▸ Provided data:
%%

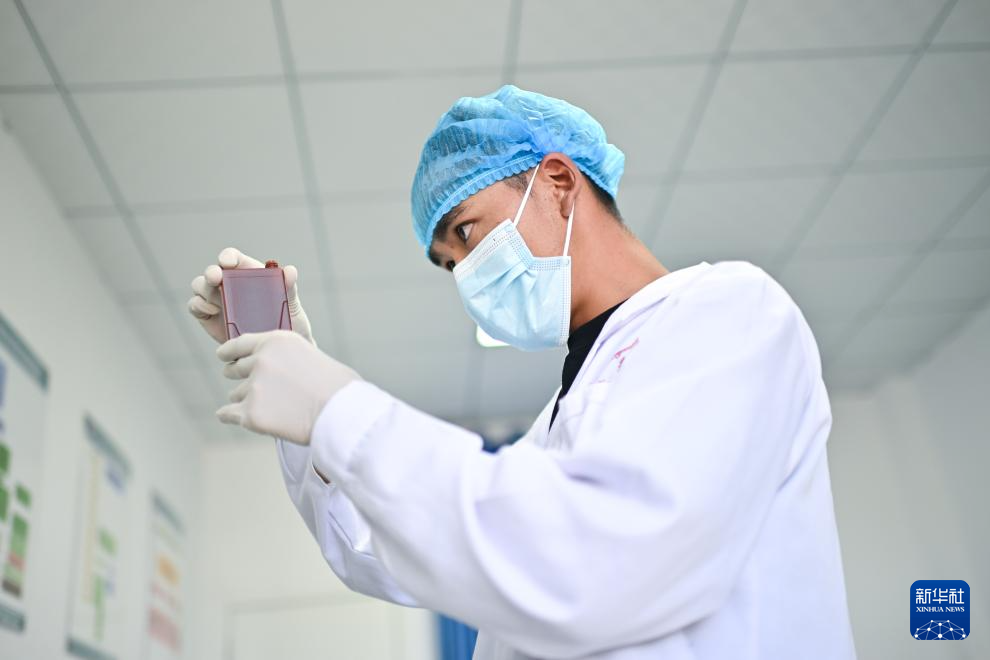 7月31日,青海省果洛藏族自治州達日縣窩賽鄉(xiāng)衛(wèi)生院醫(yī)生格桑冷智在進行醫(yī)學(xué)檢驗。新華社記者 張龍 攝
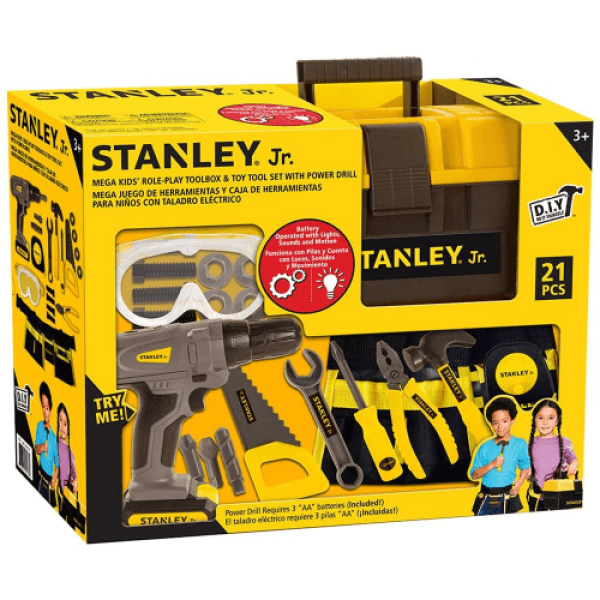 סט כלים סטנלי ג'וניור מגה עם מקדחה מופעלת באמצעות סוללה וחגורת כלים ערכת משחק תפקידים לילדים של STANLEY Jr מכילה אוסף של כלי המשחק הטובים ביותר להעמיד פנים שילדכם יזדקק להם. הסט כולל: ארגז כלים, חגורת כלים, משקפי בטיחות, סרט מדידה, מקדחה המופעלת באמצעות סוללה עם שלושה ביטים להחלפה, ארבעה ברגים, ארבעה ברגים , מסור, פטיש, מברג, פלייר ומפתח ברגים. תן לדמיון של ילדך להשתולל עם סט הכלים הנהדר הזה. עודדו יצירתיות באמצעות משחק העמדת פנים והרבה כיף! כל אחד מהכלים האיכותיים והחסונים שלנו עשויים מחומרים עמידים לשימוש ארוך טווח. עוצב ומותאם לידיים של ילדים. אורות, צלילים ותנועה מציאותיים. מיוצר במומחיות תוך שימוש במבנה פלסטיק עמיד. סט כלי צעצוע 21 חלקים, סוללות כלולות. גיל מומלץ: 3+
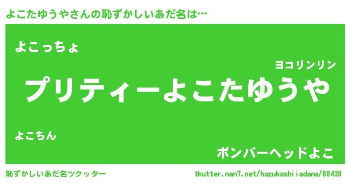 | 女子向けラノベタイトル風あだ名 | 『(仮)よこたゆうやのやんごとなき事情』 |
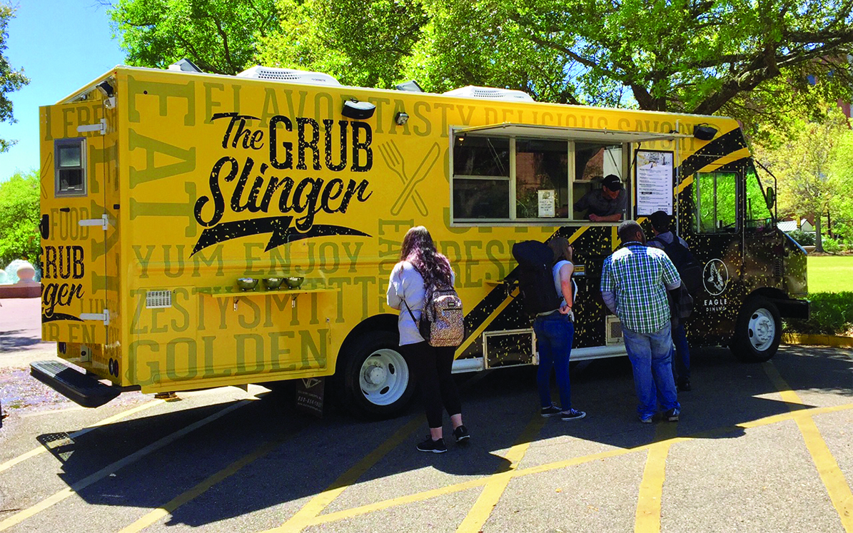Known as the “Grub Slinger,” the University’s unique food truck offers everything from hamburgers to tacos to paninis from 11 a.m. until 2 p.m. Monday through Friday.

%%

Pictures stay out. Return exactly the lines from the one with "女子向けラノベタイトル風あだ名 | 『(仮)よこたゆうやのやんごとなき事情』 |" through the last line of the data.

 | 女子向けラノベタイトル風あだ名 | 『(仮)よこたゆうやのやんごとなき事情』 |
Known as the “Grub Slinger,” the University’s unique food truck offers everything from hamburgers to tacos to paninis from 11 a.m. until 2 p.m. Monday through Friday.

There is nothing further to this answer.